Paris fashion enters a new era – digital couture
The Paris haute couture collections – to most fashion aficionados the ultimate expression of creative fashion – debuts in Paris on Monday morning, with the first digital season in the world’s greatest fashion capital.
Due to the pandemic, there will be no live shows. Much of the action and imagery will take place far away from the French capital. With many couturiers in lockdown at home or residences far from Paris, expect the couture to reference distant parts. Moreover, conversations with couturiers reveal that many of them don’t expect to show very many clothes.
On Monday, Christian Dior will unveil the latest ideas of Roman-born couturier Maria Grazia Chiuri at 2.30PM. And that, through a 12-minute film shot specially by Italian director Matteo Garrone – whose film Dogman won the Cannes Palme d’Or in 2018. The Dior fashion film was shot in the Eternal City, where Chiuri worked throughout the lockdown.
At Valentino, in the season’s final event, designer Pierpaolo Piccioli will explain the theme of his latest collection, which will then be presented 13 days later with a live performance inside the Cinecittà Studios in Rome.

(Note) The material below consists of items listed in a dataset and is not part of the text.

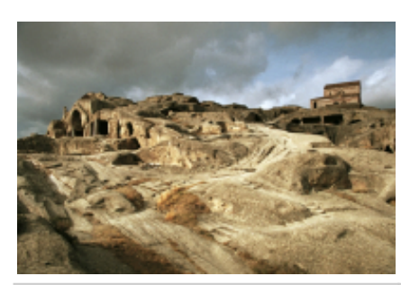
4 - Akhaltsikhe - Vardzia - 63
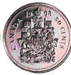
50 Cent Coin
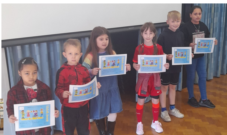
Team Award of the week
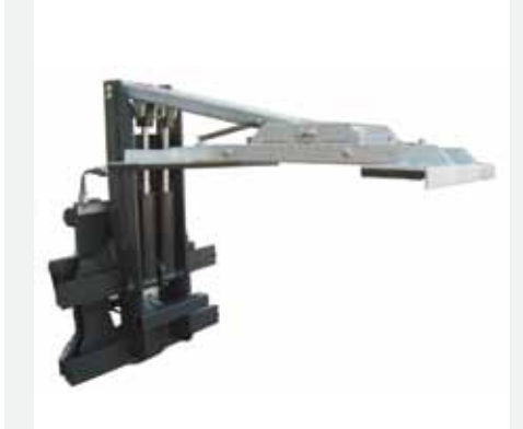
RIC - 360° bin rotator
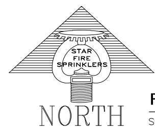
SCALE: NOT TO SCALE
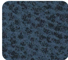
BIG EDDY 009
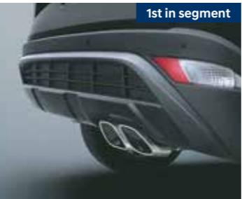
Twin tip exhaust (turbo only)
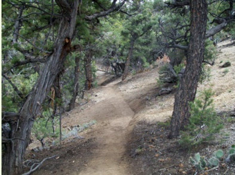
A re-routed section of the trail.
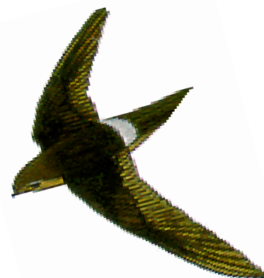
Edible-Nest Swiftlet ( Collocalia fuciphaga )

Immediately before Valentino, happening French couturier Julie de Libran will unspool a 5-minute video made by ace DJ and sound architect Frédéric Sanchez, where she narrates how she sees her brand evolving for the seasons to come. Libran will not show new models, due to the pandemic crisis, but will explain her creative method through video.
At Ralph & Russo, Britain’s reigning couture star Tamara Ralph doesn’t plan any live models or performances either. Rather, Tamara – who spent the lockdown sketching in her villa in Cannes - will illustrate her new collection via a mix of sketches - harking back to Tamara’s early days when she sold pieces to clients from sketches – real life samples made for the season and, finally, using technology. Plus, several new looks will be illustrated using the house’s first ever custom brand avatar – whom they’ve named Hauli.

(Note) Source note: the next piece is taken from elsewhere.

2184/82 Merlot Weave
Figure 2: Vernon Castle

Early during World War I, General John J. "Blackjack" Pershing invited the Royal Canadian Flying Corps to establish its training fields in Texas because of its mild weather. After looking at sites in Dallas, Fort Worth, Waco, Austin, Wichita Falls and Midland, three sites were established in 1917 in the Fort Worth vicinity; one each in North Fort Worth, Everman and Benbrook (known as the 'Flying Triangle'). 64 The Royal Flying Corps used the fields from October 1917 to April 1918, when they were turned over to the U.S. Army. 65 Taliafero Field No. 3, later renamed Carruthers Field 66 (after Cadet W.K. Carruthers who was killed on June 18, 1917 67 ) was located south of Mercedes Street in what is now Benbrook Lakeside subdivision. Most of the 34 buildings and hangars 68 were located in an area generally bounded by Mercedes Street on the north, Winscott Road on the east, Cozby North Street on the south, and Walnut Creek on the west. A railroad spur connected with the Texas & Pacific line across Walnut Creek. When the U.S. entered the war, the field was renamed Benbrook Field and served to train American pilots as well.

Chinese couturier Guo Pei has also prepared a video – in part to celebrate 10th anniversary show as an invited member of the Paris season. Her film will be a journey through her collection, highlighting her latest ideas – and actually worn by real models.
Despite the pandemic, the Fédération de la Haute Couture et de la Mode, which governs the Paris runway seasons, has a busy schedule. With 33 shows unraveling from Monday to Wednesday, showing fall/winter 2020-21 collections.
Moreover, as ever at couture, other major brands have slipped in on the season’s coattails. Like Hermès, which has decided to show its menswear at 2PM on Sunday, July 5, notwithstanding the fact that the couture season will be followed by 5 days of menswear in Paris from July 9 to 13. Hermes plans to send major editors fresh pastries on the morning of the show, suggesting some pâtisserie pret-a-porter.
Balmain, as reported, plans a cruise along the Seine showcasing classic looks from the archive as well as ideas from the house’s current designer Olivier Rousteing, on Sunday evening.
The season also includes major historic houses like Chanel and Schiaparelli; fashion forward marques like Maison Margiela, Iris van Herpen, and Ronald van der Kemp or classical modernists like Giambattista Valli, Elie Saab and Stephane Rolland.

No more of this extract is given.